Duke Political Science student, Rajiv Golla, reports today for Reuters

The International Committee of the Red Cross (ICRC) first began operating aid in Somalia back in 1977. Today, one of our Duke political science undergraduates, Rajiv Golla, is reporting from Nairobi on the ICRC Conference for Reuters about the current state of malnutrition and the consequences of the recent drought in Somalia.

Rains in Somalia have brought relief from drought but malnutrition remains a threat, the International Red Cross said on Friday, with the number of children admitted to its feeding centres nationwide nearly doubling over the last year.

Somalia is coming out of a severe drought that meant more than half its 12 million citizens were expected to need aid by July. Families have been forced to drink slimy, infected water after the rains failed and wells and rivers dried up.

But rains began in parts of the country in the second week of April and have since spread to most areas.

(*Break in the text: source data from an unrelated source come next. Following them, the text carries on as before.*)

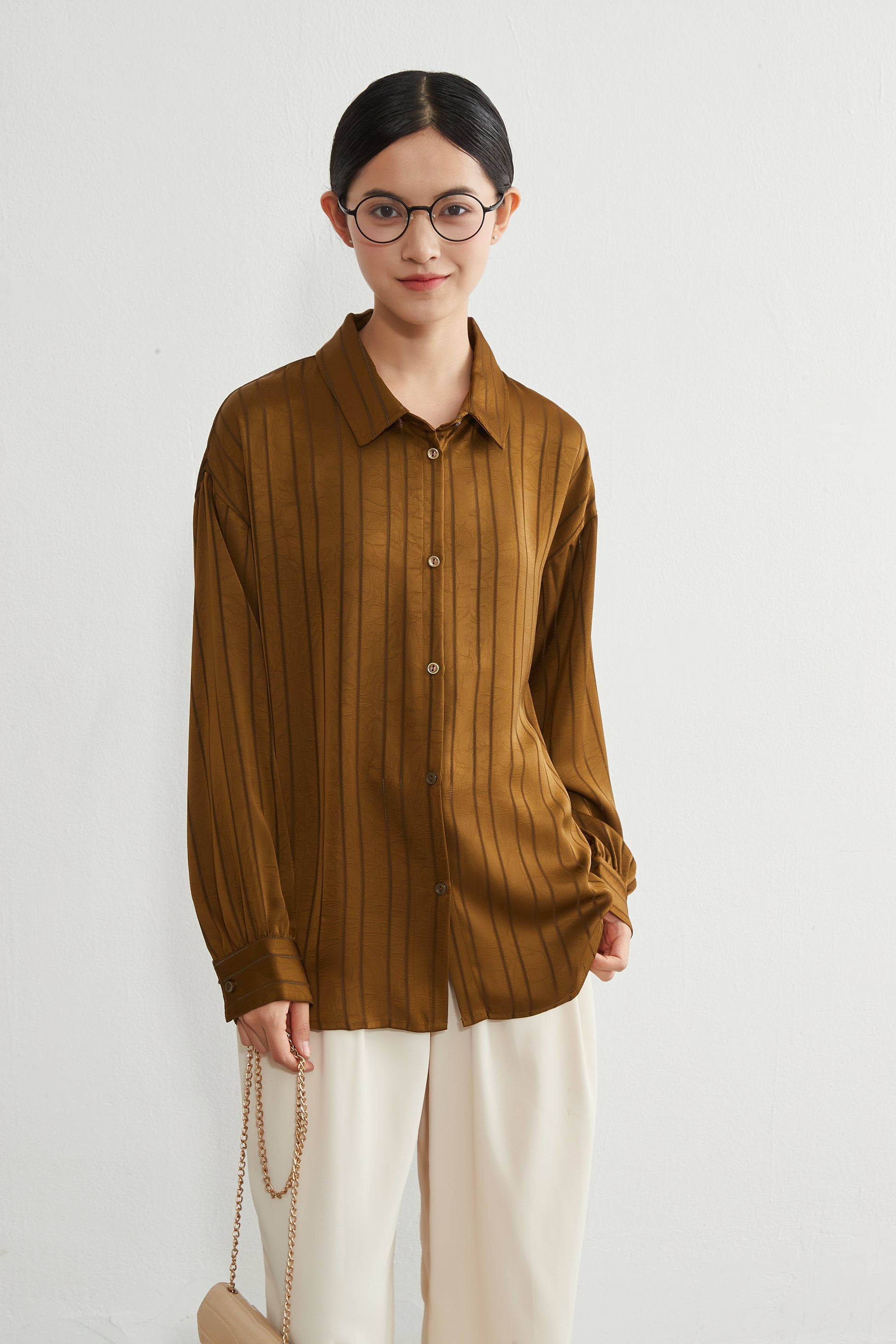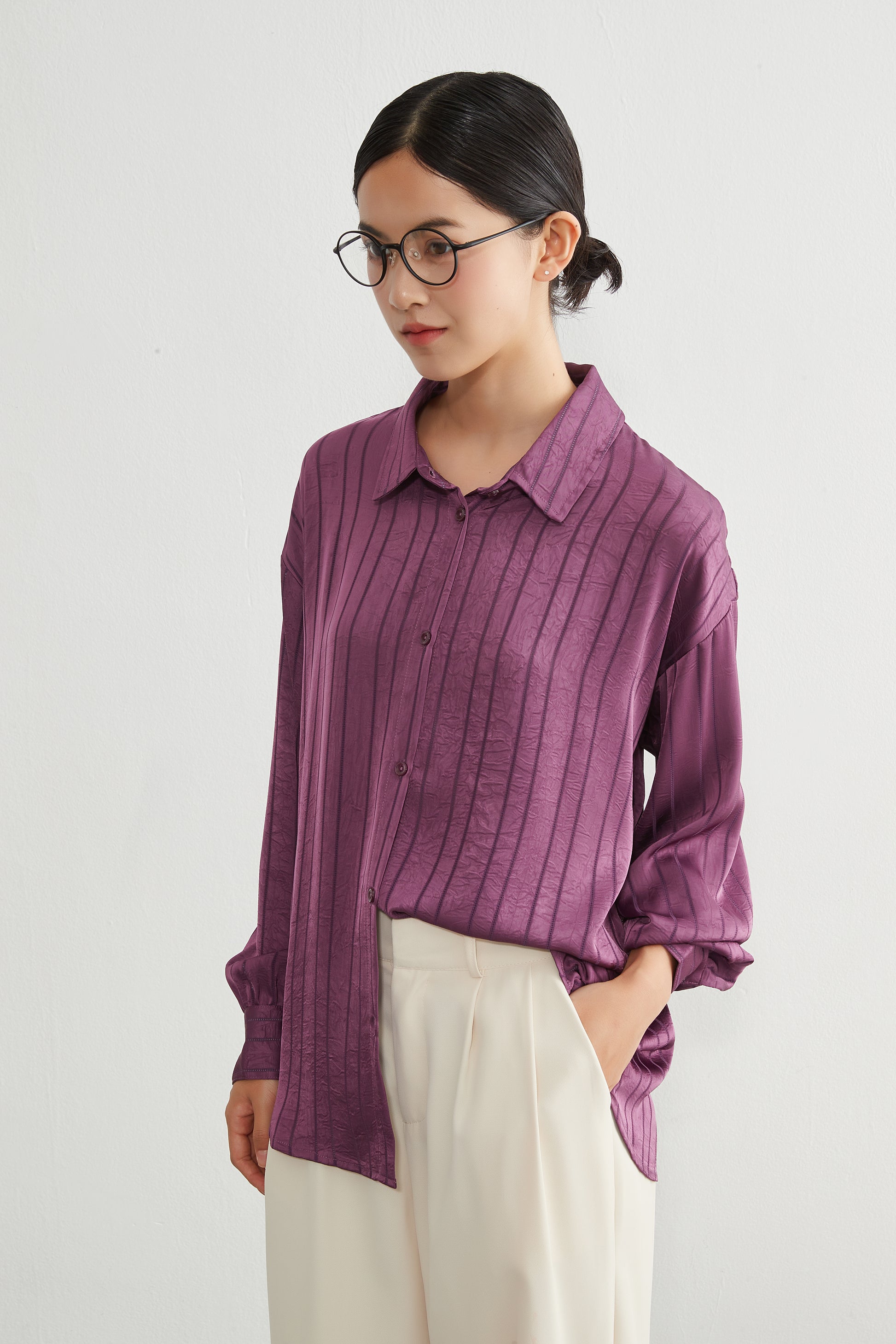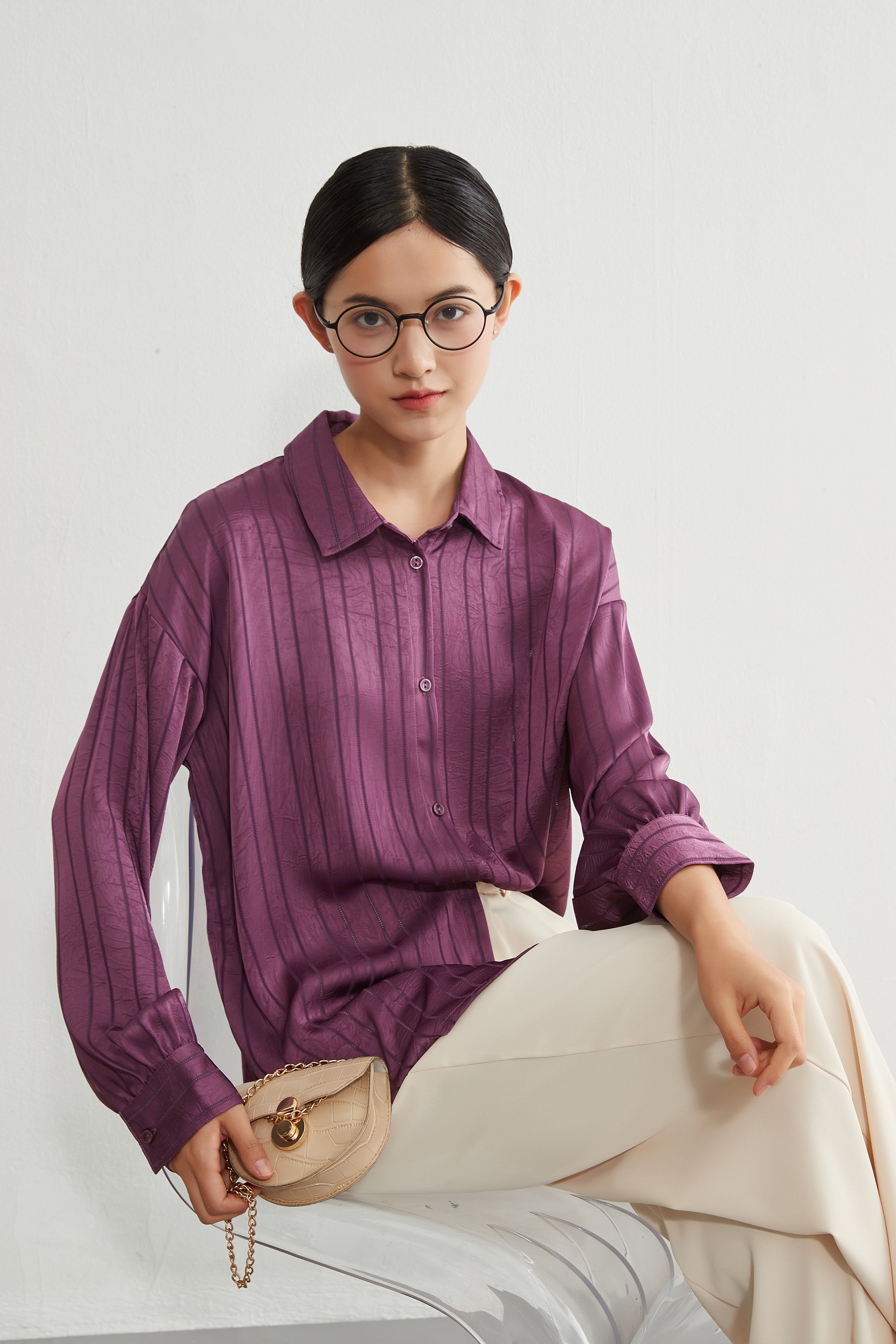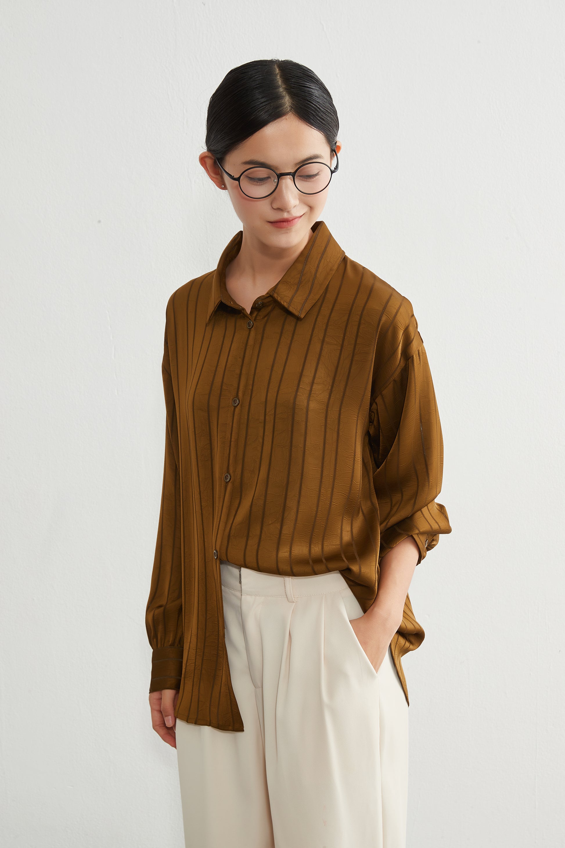 ハンサムなシルエットと長袖デザインで、大人の女性らしい凛とした印象を与えるシャツブラウス。フロントには繊細なアイレット風ジャカード織りが施され、シンプルながらも上品で華やかな表情に。程よい艶感が光を受けて大人きれいめスタイルを引き立て、オンオフ問わず幅広いシーンで活躍します。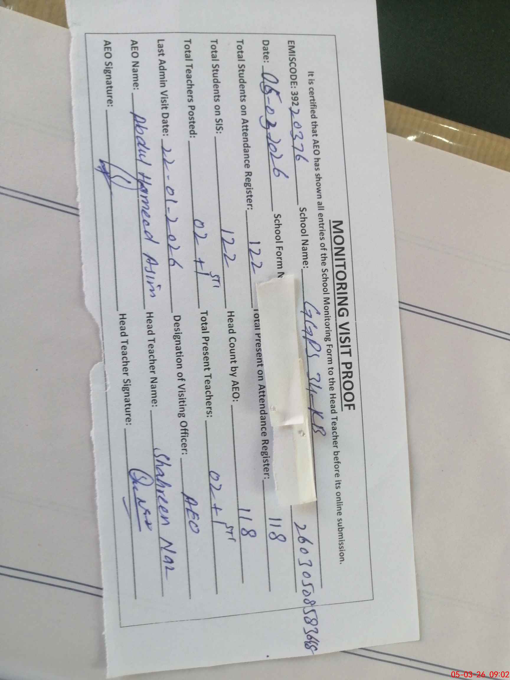 | EMIS Code: 39220376 | Name of School: GGPS 34 KB | |||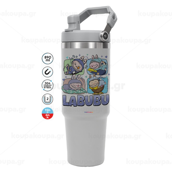 Labubu, ΓΚΡΙ χρώματος Θερμός Ανοξείδωτο 890ml (30oz) με χερούλι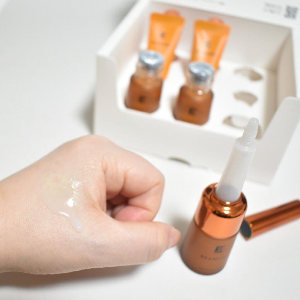 - ◆肌悩みを多角的にケアして肌感覚に働きかける美容液です。1剤のパウダーと2剤のエッセンスを混合して使用します。 ◆1剤のパウダーは、肌悩みを速攻ケアする-40℃凍結乾燥VC(APPS+)をメインとした美容液パウダーです。多角的な肌悩みにアプローチしながらハリやキメ、透明感のある肌に導きます。 ◆2剤のエッセンスは、デカペプチドをメインとした美容液です。肌感覚を高めて外的ダメージから肌を守りながら、バリア機能を高めてハリや弾力に満ちた肌に導きます。 ◆混合することで、とろみのある濃厚な美容液となり、しっとりなめらかな使い心地です。また、使用後の肌は、外的ストレスにも負けない、しなやかなハリ肌が実感できます。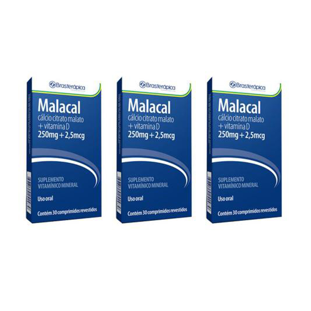 KIT 3X MALACAL 250/2,905 MG 30 CP CALCIO+VIT D3 BRASTERAPICA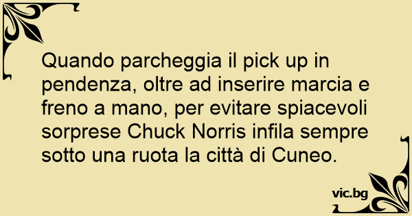 Quando parcheggia il pick up in pendenza, oltre ad inserire marcia e freno a mano, per evitare spiacevoli sorprese Chuck Norris infila sempre sotto una ruota la città di Cuneo.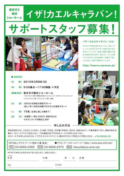 ※募集定員に達したため、募集を締め切らせていただきます。ご応募いただいた方、ありがとうございます。詳細連絡は別途ご連絡差し上げます。横浜にあるショッピングモール、MARK IS みなとみらいにて、「イザ!カエルキャラバン!」を開催いたします!☆イザ!カエルキャラバン!とは☆おもちゃの物々交換(かえっこ)と、楽しくアレンジした防災プログラムを組み合わせた防災イベントです。阪神・淡路大震災の教訓・知恵を次の世代へ伝えたい。そんな想いから生まれ、防災訓練に「体験する楽しさ」を加え、全国で開催されています。※さらにくわしくは→今回、このカエルキャラバンを当日サポートしていただくスタッフを募集いたします!おもちゃ交換の「かえっこバザール」のサポートや、防災体験プログラムの運営サポートをお願いします。楽しく学べる防災訓練に興味のある方、子どもや教育に興味のある方、ボランティアは初めてという方、歓迎です。子どもたちと一緒に楽しく防災知識を身に付けましょう!みなさまのご応募、心よりお待ちしております。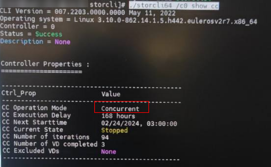 storcli64 /c{ctl_id} show cc #检查CC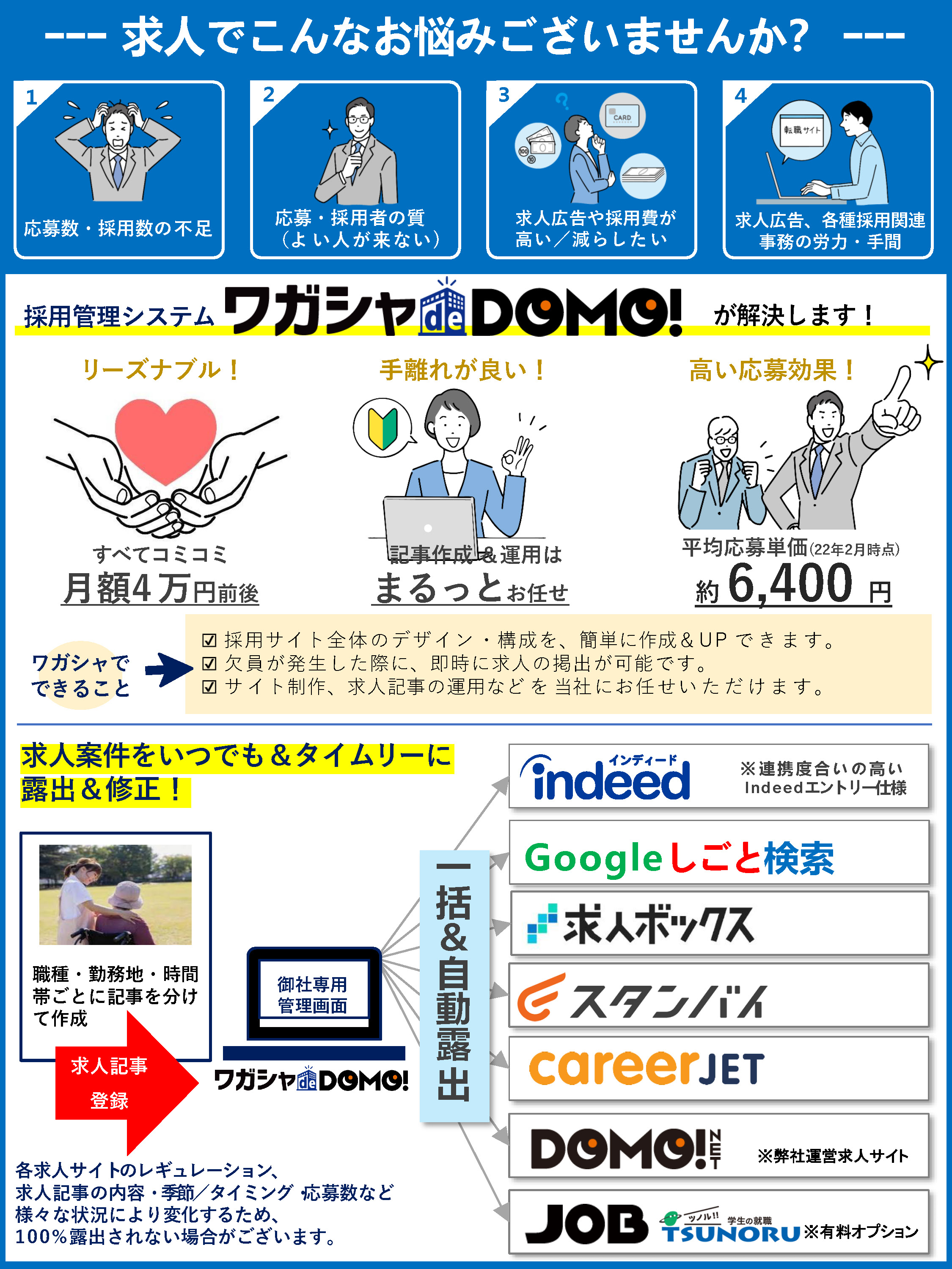 作成した求人ページは、『DOMO NET』や『Indeed』にも掲載されます。

The rains will allow farmers to plant crops as well as grass for the livestock that sustain Somalia's nomadic families, although the long drought has already wiped out livestock herds and forced many farmers to seek aid in cities.

"Even if the rains are good, this is not going to change the situation immediately. There will be significant needs in terms of strengthening the livelihoods and resilience of people over a period of time," Dominik Stillhart, ICRC head of global operations, told a news conference in Nairobi.

ICRC said a feeding centre it runs in Baidoa has 230 patients under the age of five, up from 100 a year ago, while countrywide, the number of malnourished children at its stabilisation centres and those run by the Somali Red Crescent Society had shot up 80 percent, to 12,710.